Essa reforma excludente é justificada pelo terrorismo financeiro e demográfico. O objetivo é atemorizar a sociedade com base em argumentos questionáveis.

Um desses argumentos é que o envelhecimento da população é “bomba relógio” que vai explodir em 2060. E, portanto, não há alternativas a não ser suprimir os direitos previdenciários. É fato que a população está envelhecendo, e que o maior número de idosos pressionará as contas da previdência. Mas isso não implica aceitar o fatalismo demográfico e a ideia de que “não há alternativas”. Democracias desenvolvidas enfrentaram e superaram essa questão no século passado e não destruíram o seu sistema de proteção social. Por que o Brasil não pode enfrentar esse problema? Não temos capacidade de enfrentar um problema que acontecerá daqui a 40 anos? Então, para que serve o Ministério do Planejamento?

Essa visão terrorista diz que “não há alternativa”. Mas, isso é falso. Em 2050 teremos cerca de 50 milhões de idosos. Mas observe que hoje quase 50 milhões de trabalhadores tem emprego precário. Esses trabalhadores não contribuem para a previdência. Qual é a alternativa? A alternativa é incorporar esses 50 milhões de trabalhadores no mercado de trabalho com carteira assinada. Assim, eles passariam a contribuir para a previdência. E as receitas da contribuição desses 50 milhões de trabalhadores seriam suficientes para pagar a aposentadoria dos 50 milhões de idosos em 2050.

Para isso a economia precisa crescer. Portanto, o problema não é a demografia. O problema é a ausência de um modelo de desenvolvimento adequado às necessidades do país.
Além disso, o terrorismo demográfico baseia-se numa premissa falsa.
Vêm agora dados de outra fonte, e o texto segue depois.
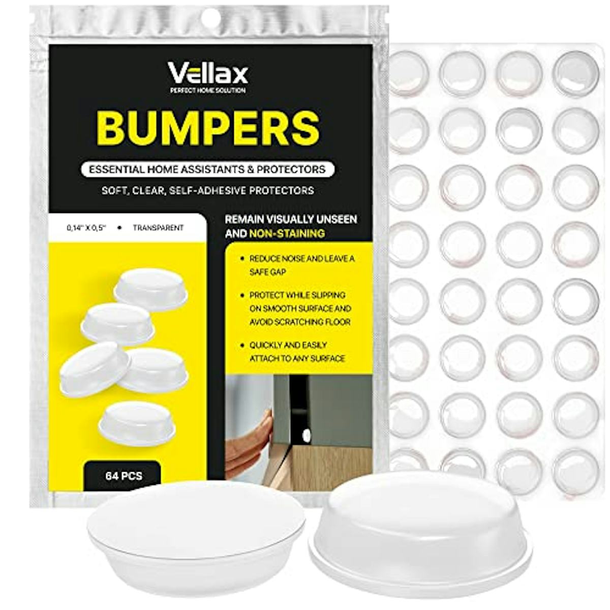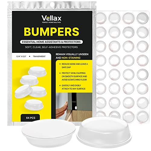 Vellax Cabinet Door Bumpers 64 Pcs - 1/2” Diameter Clear Self Adhesive Pads, Cabinet Stoppers, Rubber Bumpers for Drawers, Cupboards, Cutting Boards, Glass Tops, Picture Frames, Kitchen Furniture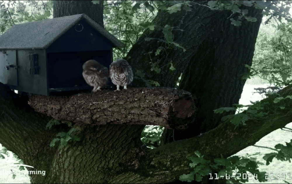 De twee kuikens BOS (Bewust Ongeringde Steenuil) en de rechtsgeringde RP (Rechtspoot) spelen voor de nestkast. Zou BOS een man zijn?

A ideia de que com o envelhecimento um número menor trabalhadores ativos terá de financiar um número maior de aposentados tem por premissa que o financiamento da previdência dependeria unicamente da contribuição do trabalhador ativo. Essa premissa é falaciosa.

Nos regimes de Bem-Estar que inspiraram os constituintes de 1988, a previdência faz parte da Seguridade Social que é financiada não apenas pelo trabalhador ativo, mas também pelo empregador e pelo governo através de impostos pagos pelo conjunto da sociedade. Nesse “modelo tripartite”, os trabalhadores, os empregadores e o Estado são igualmente responsáveis pelo provimento das fontes de financiamento da Seguridade Social e da previdência social.
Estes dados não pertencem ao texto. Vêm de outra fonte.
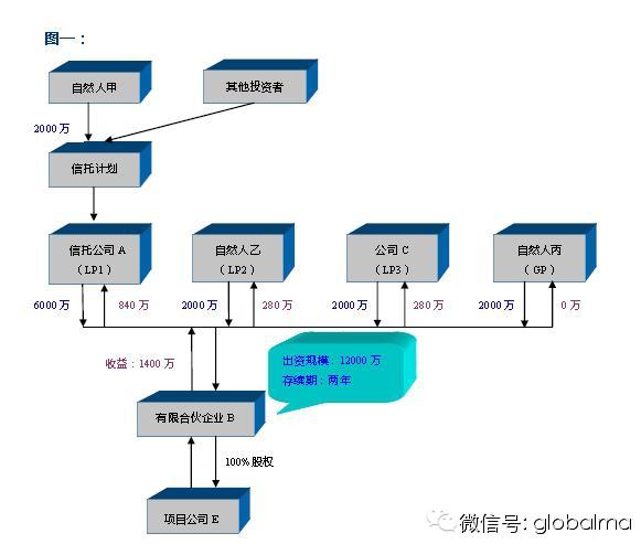 信托公司A设立X集合资金信托计划,信托计划规模为6000万元人民币,自然人甲出资2000万元认购信托计划的信托单位,甲认购的信托受益权的预期年化收益率为9%。A作为LP以信托计划募集资金向有限合伙企业B出资。B的认缴出资总额为12000万元人民币,其中A作为LP1货币出资6000万元,自然人乙作为LP2货币出资2000万元,公司C作为LP3货币出资2000万元,自然人丙作为GP货币出资2000万元。B对房地产项目公司E进行股权投资,并持有E的全部股权,B存续期为两年(结构图见图一)。

Em 2015, num conjunto de 15 países Europeus a participação média relativa das “contribuições do governo” no financiamento da Seguridade Social é de 45% do total. Os empregadores contribuíram com 34,6% e os trabalhadores ativos com apenas 18%. Inspirando-se nesse modelo, os constituintes de 1988 escreveram o artigo 194 e 195 da Constituição Federal que define a seguridade social e as fontes tripartites do seu financiamento. Também aqui, a previdência é financiada pelo governo, pelo empregador e pelo trabalhador.
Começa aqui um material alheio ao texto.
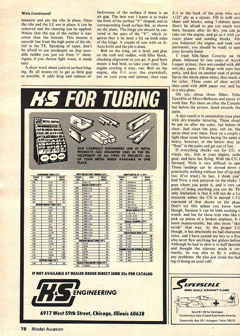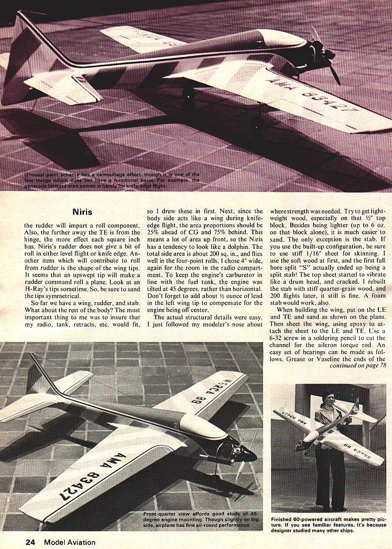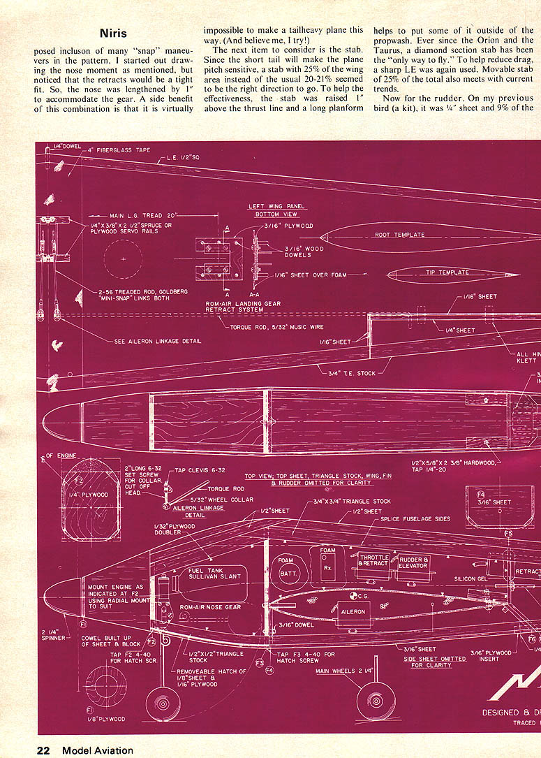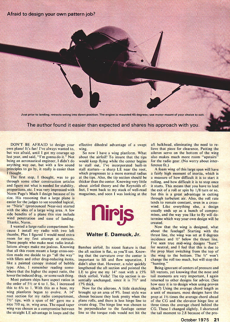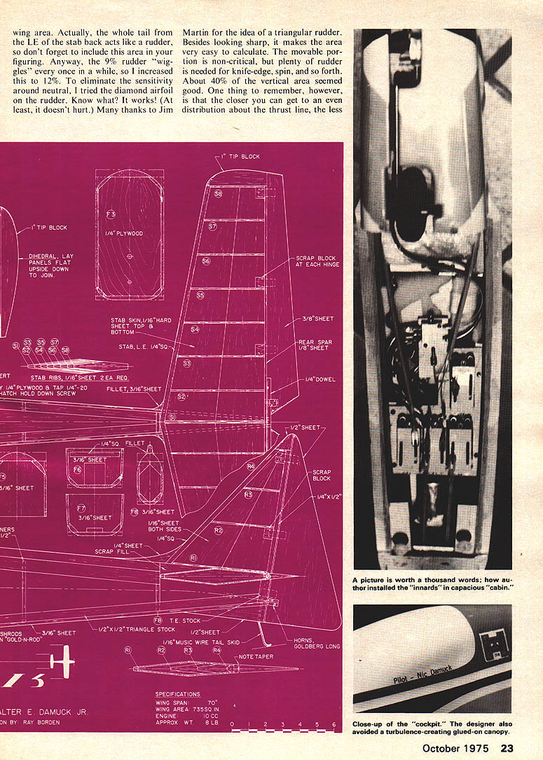 DONT BE AFRAID design own plane Its fun Ive always wanted afraid until got courage up last year said Im gonna being aeronautical engineer didnt anything way out few sound principles go really easier thought first step thought go through some other construction articles figure out what needed stability proportions etc very impressed Norm Pages Mach design because its size reasoning large plane easier judges see sounded logical Niris pronounced Near-iss started idea large wing area few side benefits plane size include wind penetration ease landing Thanks Norm wanted large radio compartment cause install radio two left thumbs Plus figured would need extra room first attempt retracts people make neat radio instal lations always make jealous Knowing room meant large cross-sec tion made decide go way fillets other drag-reducing items like painted canopy instead bubble type Also remember reading some higher aspect ratio lower induced drag some such thing Most pattern ships have aspect ratios order 5 6 So increased 6 base wing planform began evolve 14 root section radio compartment 7/2 tips span 66 gave nice 710 sq wing area equal taper wing chosen compromise between straight LE advantage loops effective dihedral advantage swept wing So now have wing planform What about airfoil insure tips would keep flying center begins stall out Ive incorporated built-in stall starters sharp LE near root progresses normal radius tips Also tip section should thicker center Knowing very little about airfoil theory Reynolds ef fect went back stack well-read magazines soon looking U flirjp Walter E DamuckJr Banshee airfoil Its nicest feature aft section flat youll see Know ing curvature over center important lift flow separation didnt alter However ruler quickly lengthened aft section pointed LE give 14 root 15% thick airfoil Voila tip section es sentially unchanged since 7 17% thick Now ailerons little sketching brought up ares 9% Inset style chosen because look pretty plane rolls less hinge line create drag hinge line chosen perpendicular fuselage center line torque rods would hit aft bulkhead eliminating need re lieve piece clearance Putting aileron servo bottom wing also makes much room upstairs radio gear No worry about inter ference fit foam wing large span will have fairly high moment inertia measure difficult start rolling difficult stop once starts means have lead exit roll spin 1/8 turn great advantage cutting through turbulent air Also roll rate tends remain constant cross wind Like everything else design usually ends up bunch compro mises way like fly will de termine way own design will created Now wing designed what about fuselage Starting thrust line wing set 0 degrees incidence w thrust line Ive seen true mid-wing designs hunt neutral feel due prop blast switching top wing bottom change roll too much will stop hunting Being ignorant centers pressure lift vectors yet knowing nose tail moments very important again returned other designs advice See easy design using proven ideas Using average chord length unit measure designs have prop 1 times average chord ahead CG elevator hinge line three times average chord behind CG changed slightly shortened tail moment 28 because proOctober1975 21 Niris posed incluson snap maneu vers pattern started out draw ing nose moment mentioned noticed retracts would tight fit So nose lengthened accommodate gear side benefit combination virtually impossible make tailbeavy plane way believe try next item consider stab Since short tail will make plane pitch sensitive stab 25% wing area instead usual 20-21% seemed right direction go help effectiveness stab raised 1 above thrust line long planform helps put some outside propwash Ever since Orion Taurus diamond section stab has way fly help reduce drag sharp LE again used Movable stab 25% total also meets current trends Now rudder previous bird kit t 9% 22 Model Aviation wing area Actually whole tail LE stab back acts like rudder dont forget include area figuring Anyway 9% rudder wig gles once increased 12% eliminate sensitivity around neutral tried diamond airfoil rudder Know what works least doesnt hurt thanks Jim Martin idea triangular rudder Besides looking sharp makes area very easy calculate movable por tion non-critical plenty rudder needed knife-edge spin forth About 40% vertical area seemed good thing remember however closer can get distribution about thrust line less October1975 23 picture worth thousand words au thor installed innards capacious cabin Close-up coclcpit designer also avoided turbulence-creating glued-on canopy Niris rudder will impart roll component Also further away TE hinge effect square inch has Niriss rudder does give bit roll either level flight knife edge An other item will contribute roll rudder shape wing tips seems upswept tip will make rudder command roll plane Look H-Rays tips sometime So sure sand tips symmetrical So far have wing rudder stab What about rest body Important thing insure radio tank retracts etc would fit drew first Next since body side acts like wing during knifeedge flight area proportions should 25% ahead CG 75% behind meant lot area up front Niris has tendency look like dolphin total side area about 200 sq flies well four-point rolls chose 4 wide again room radio compart ment keep engines carburetor line fuel tank engine tilted 45 degrees rather horizontal Dont forget add about e lead left wing tip compensate engine being off center actual structural details easy just followed modelers nose about strength needed Try get light weight wood especially block Besides being lighter up 6 oz block alone much easier sand exception stab use built-up configuration sure use stiff 1/16 sheet skinning use soft wood first first full bore split S actually ended up being split stab top sheet started vibrate like drum head cracked rebuilt stab stiff quarter-grain wood 200 flights later still fine foam stab would work also building wing put LE TE sand shown plans sheet wing using epoxy tach

Mas o maior equívoco é que esse indicador expressa relações produtivas características da Segunda Revolução Industrial. A Terceira Revolução Industrial automatizou os processos produtivos, eliminou postos de trabalho e ampliou os ganhos de produtividade. Mais graves serão os efeitos da Quarta Revolução Industrial liderada pela inteligência artificial, pela robótica, pela impressão 3D, pela nanotecnologia etc..

As chamadas “indústrias inteligentes” robotizadas empregam um número restrito de trabalhadores. Elas tendem a aprofundar o desemprego estrutural e corroer a base salarial. Assim, não é razoável fazer projetos para os próximos 40 anos, como se o cenário em 2060 fosse o mesmo que havia no mundo em 1960. No século 21, o desafio de financiar a previdência exige que os impostos deixem de incidir sobre a base salarial (que só diminui) e passem a incidir sobre a renda e riqueza financeira (que só aumenta).

Portanto, há alternativas que passam pelo crescimento da economia, pela reforma tributária e por outros mecanismos largamente utilizados por diversos países. Por que o governo, os economistas do “mercado” e os grandes meios de comunicação não querem o debate público, amplo e democrático sobre esse tema? Por que o governo quer fazer a “toque de caixa” uma reforma para enfrentar problemas demográficos que ocorrerão daqui a 40 anos?